2. The speed regulation jack of claim 1, further comprising a one-way valve in the differential oil circuit to unidirectionally connect the return cavity of the output cylinder to the inlet cavity.

3. The speed regulation jack of claim 1, further comprising a return groove in a mating surface between the front-end of the return cavity and a piston of the output cylinder, the return cavity being unidirectionally connected to the oil tank via a one-way valve, the core of the one-way valve being fixed to a pressure pin extending out of a seat of the one-way valve, one end of the pressure pin being seated in the return cavity to control the opening and closure of the one-way valve.

4. The speed regulation jack of claim 3, wherein the one-way valve of the unloading mechanism shares a valve core with the control valve.

5. The speed regulation jack of claim 1, wherein the control valve is a sequential valve.

6. The speed regulation jack of claim 1, wherein the hydraulic lines are hydraulic speed regulation lines.

7. The speed regulation jack of claim 6, wherein the input cylinder, output cylinder and at least one of the hydraulic speed regulation lines are set in one valve bush combination, and an output cylinder jacket is set in the oil tank.

8. A speed regulation jack comprising:

at least one input cylinder and one output cylinder;

parallel hydraulic lines connected between the input and output cylinders;

a differential oil circuit that is connected between an inlet cavity and a return cavity of the output cylinder;

a control valve that is connected in series between the return cavity of the output cylinder and an oil tank to control oil returned to the return cavity; and

hydraulic speed regulation cylinders in the hydraulic lines, the hydraulic lines being hydraulic speed regulation lines.

9. A speed regulation jack comprising:

at least one input cylinder and one output cylinder;

parallel hydraulic lines connected between the input and output cylinders;

a differential oil circuit that is connected between an inlet cavity and a return cavity of the output cylinder;

a control valve that is connected in series between the return cavity of the output cylinder and an oil tank to control oil returned to the return cavity; wherein the hydraulic lines are hydraulic speed regulation lines that comprise at least two hydraulic sub-lines connected in parallel, the hydraulic speed regulation lines taking a load pressure of the output cylinder as a control signal to control an opening and closure of the hydraulic sub-lines.

10. The speed regulation jack of claim 9, wherein sub-line control valves are set in the hydraulic sub-lines, which take a load pressure as a control signal to control the opening and closure of the hydraulic sub-lines.

11. The speed regulation jack of claim 10, wherein an opening pressure of the sub-line control valves in the hydraulic sub-lines are set in sequence.

12. The speed regulation jack of claim 9, further comprising speed regulation cylinders in the hydraulic sub-lines.
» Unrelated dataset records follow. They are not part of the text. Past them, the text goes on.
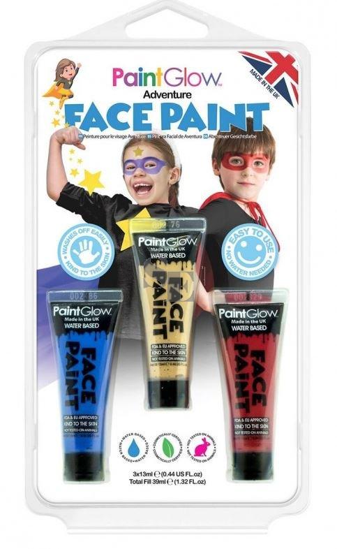 Profesionální barvy od firmy PaintGlow jsou vhodné na obličej a tělo. Barvy jsou založené na vodní bázi, bez umělých vláken s obsahem včelího vosku, palmového carnauba vosku a kokosového oleje s vitamínem E. Barvy jsou velmi jemné, snadno roztíratelné, hydratační, odolné proti rozmazání, mají příjemnou vůni a rychle zasychají. Snadno je omyjete vlažnou vodou nebo setřete kosmetickými ubrousky.
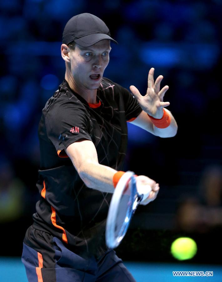 | Tomas Berdych of Czech Republic returns the ball during the ATP World Tour Finals Group A match against Stan Wawrinka of Switzerland in London, Britain on November 10, 2014. Tomas Berdych lost 0-2. (Xinhua/Han Yan) |
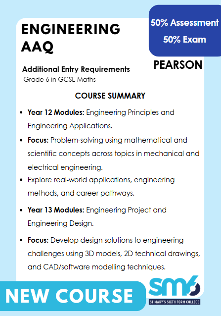 A vocational qualification equivalent to one A-level, designed for students aiming for higher education or careers in engineering. It includes four mandatory units: Engineering Principles, Engineering Applications, Engineering Design, and an Engineering Project. The course blends theoretical knowledge with practical skills, covering topics like mathematical techniques, CAD design, and project management. Assessment is split evenly between external exams and internal coursework. The qualification emphasizes problem-solving, technical understanding, and real-world application, preparing learners for university study, apprenticeships, or employment in various engineering sectors.
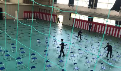 入学式に向けて、体育館の椅子も一つ一つ消毒をしました。

13. The speed regulation jack of claim 12 further comprising a flexible restoring mechanism in at least one of the speed regulation cylinders, an output cavity of the speed regulation cylinder being connected to the oil tank via a one-way valve.

14. The speed regulation jack of claim 12, wherein at least one of the speed regulation cylinders comprises oil cylinders of two different levels, the sectional area of a piston of a first-level cylinder is less than that of a piston of a second-level cylinder, and the first-level piston and the second-level piston are connected via a piston rod.

15. The speed regulation jack of claim 12, wherein at least one of the speed regulation cylinders is made up of a single-level oil cylinder having a piston rod that extends out of an input cavity.

16. The speed regulation jack of claim 9, wherein the hydraulic sub-line at the lowest speed level directly connect to the input and output cylinders via a sub-line control valve.